My consideration of IC is that I covered the last Manhunter JLA arc, "Crisis of Conscience," and then picked-up from "52." The gap bugs me some, but so does the thought of trying to simultaneously cover all of "52" across three blogs.
Y'know, Tom and you and I all have different tastes. There's room here for everyone, even when they're complete wrong in the head. I spent two years airing my grievances on the DC Message Board while the Ostrander series was being released, so there's no way I could adequately summarize my disdain without taking an issue-by-issue squat. I'm thinking I may try to cover three Martian Manhunter series in simultaneous sequence ('88 mini, Ostrander, Coneheadhunter,) but I've got finals in May and groundwork to lay first. Yeah, screw Infinite Crisis.
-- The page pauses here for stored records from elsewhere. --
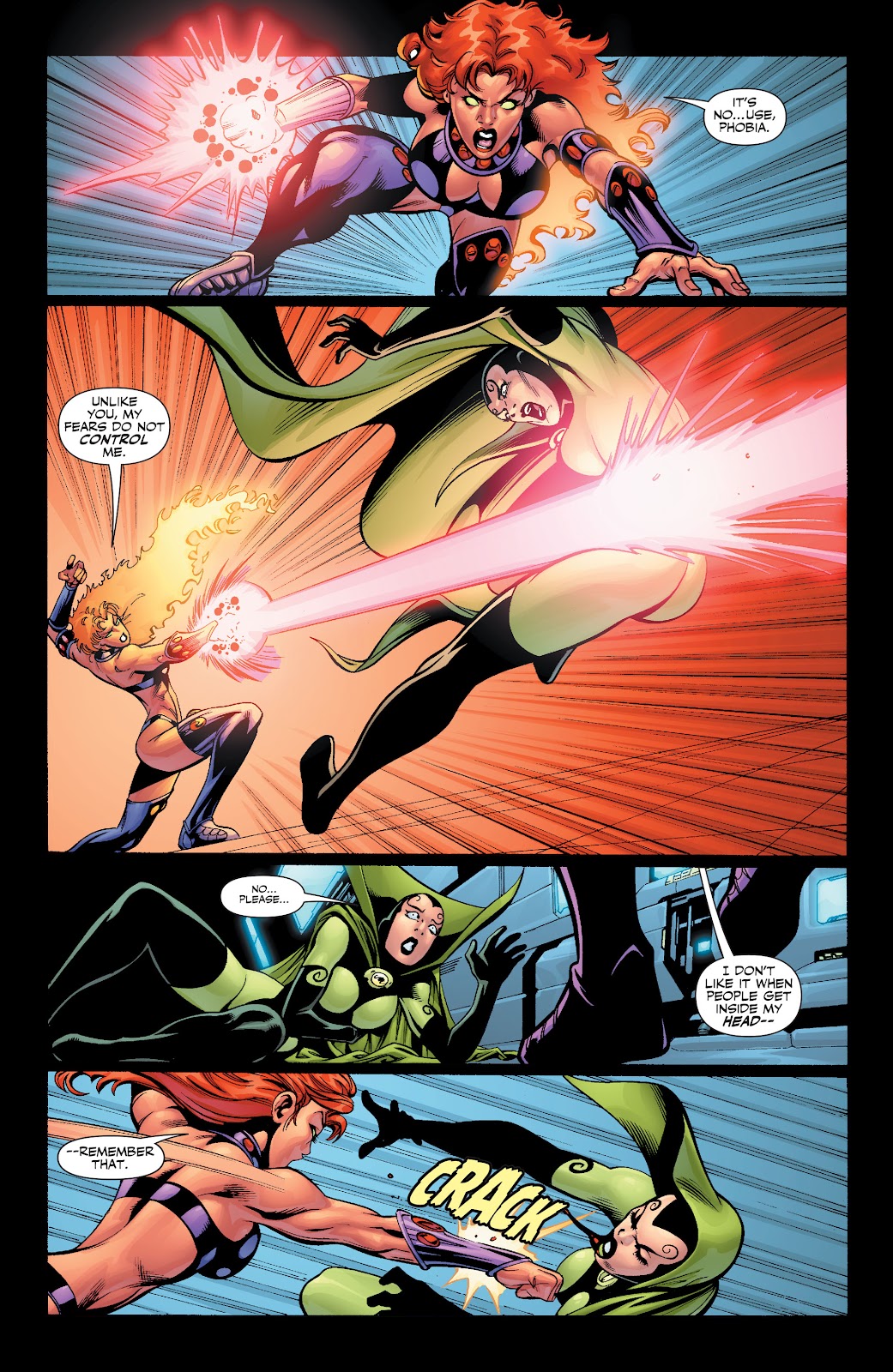 Starfire's mind is also harder then normal to effect. Lie Detectors don't work on Starfire because of her alien physiology, her memories are particularly hard to read and Phobia could not control Starfire because Starfire is not ruled by her fears. Also Starfire's emotions are overwhelming and impossible to stop. An apathy field could not affect Starfire.
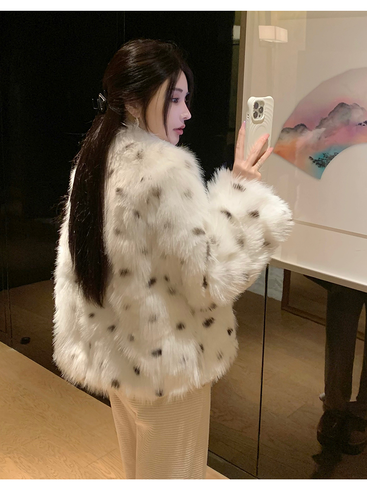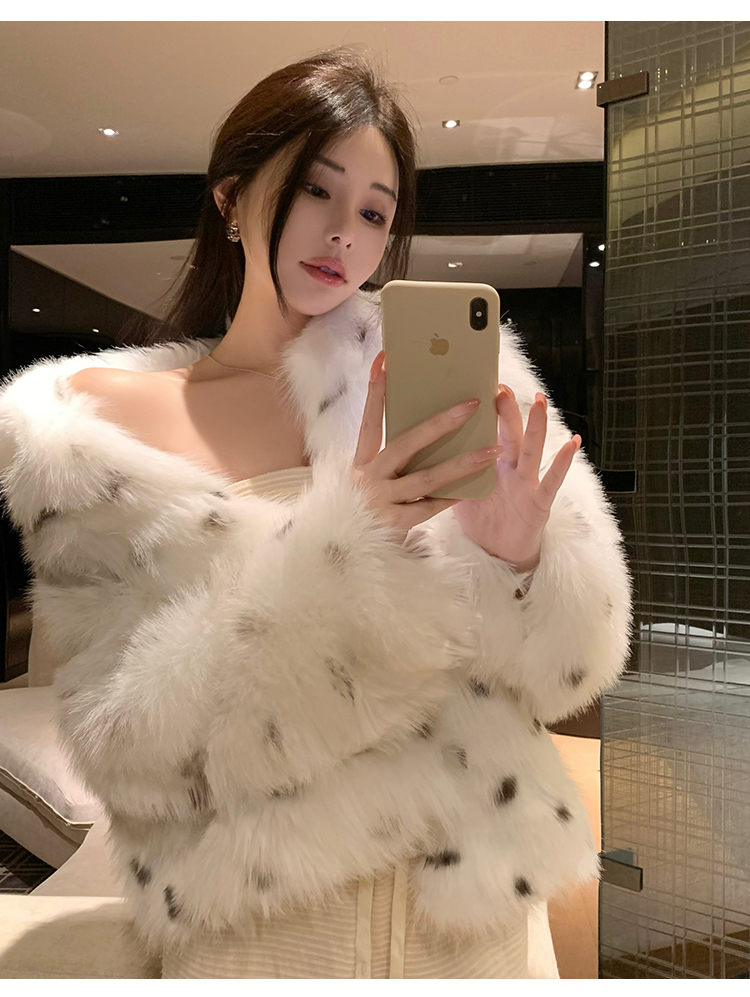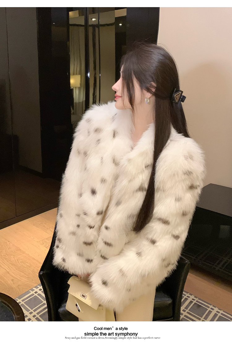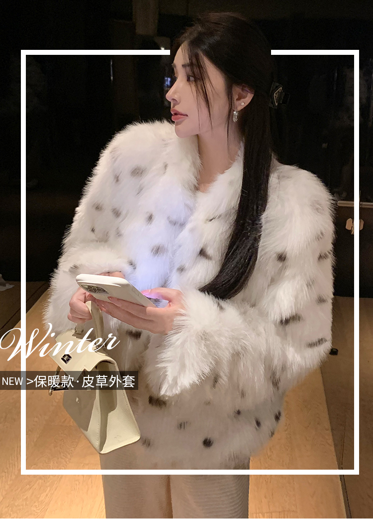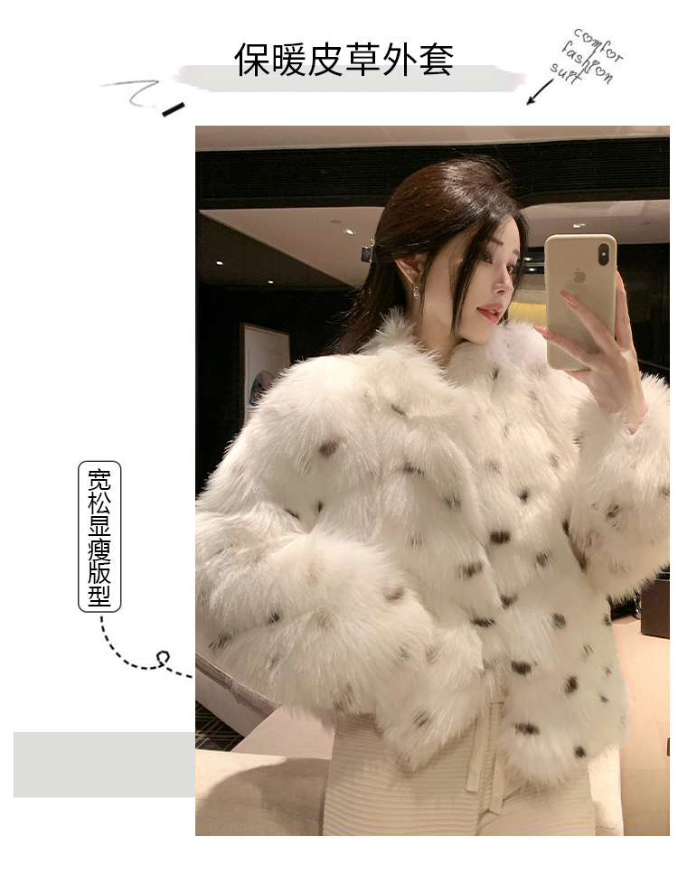 >> 实拍韩版环保皮草翻领仿狐狸毛重工豹纹皮草外套新款女毛毛年轻款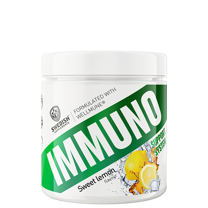 Immuno Support är ett kosttillskott från Swedish Supplements med bland annat vitamin C, zink och vitamin D som alla bidrar till att immunförsvaret fungerar normalt. I form av pulver.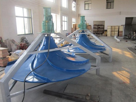 結(jié)構(gòu):多曲面攪拌機(jī)由傳動(dòng)部件、葉輪、底座、吊裝系統(tǒng)及電控組成。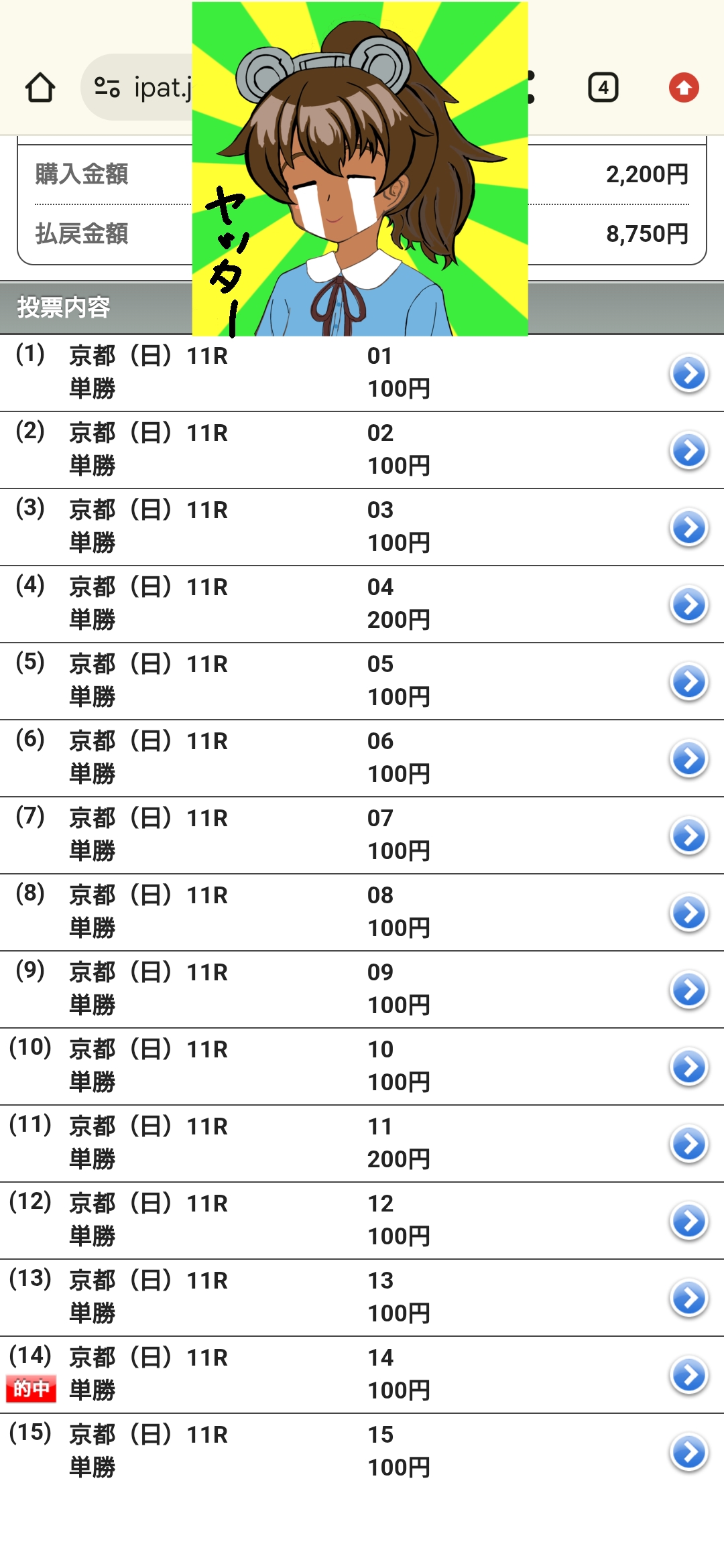 | … | 905無念Nameとしあき26/02/01(日)16:00:31No.1384200471+みんなそんなに馬券買って、アニバは大丈夫なんですか? |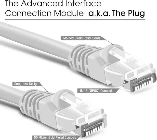 UTP 24AWG stranded conductors for flexibility, twisted in pairs and nested in a spline to minimize crosstalk, 50 micron gold-plated contacts for high-speed data transfer and corrosion resistance, as well as molded, snag-less strain relief boots for long lasting, durable connections

Anyway, a lot of people loved Ostrander, and some folks liked Coneheadhunter, but I've only read one of the two myself. It might be fun to represent as a DeMatteis fan in the face of that, and I'm genuinely curious how I'll react to that last mini.
Seeing a writeup of the '88 miniseries right before the Ostrander and Coneheader series will be interesting.
You can count me as a representative of Team DeMatteis. I'll tag team with you against Tom, Muahaha!...I mean...all are welcome...
Oh, I think I know how you'll react to that last mini.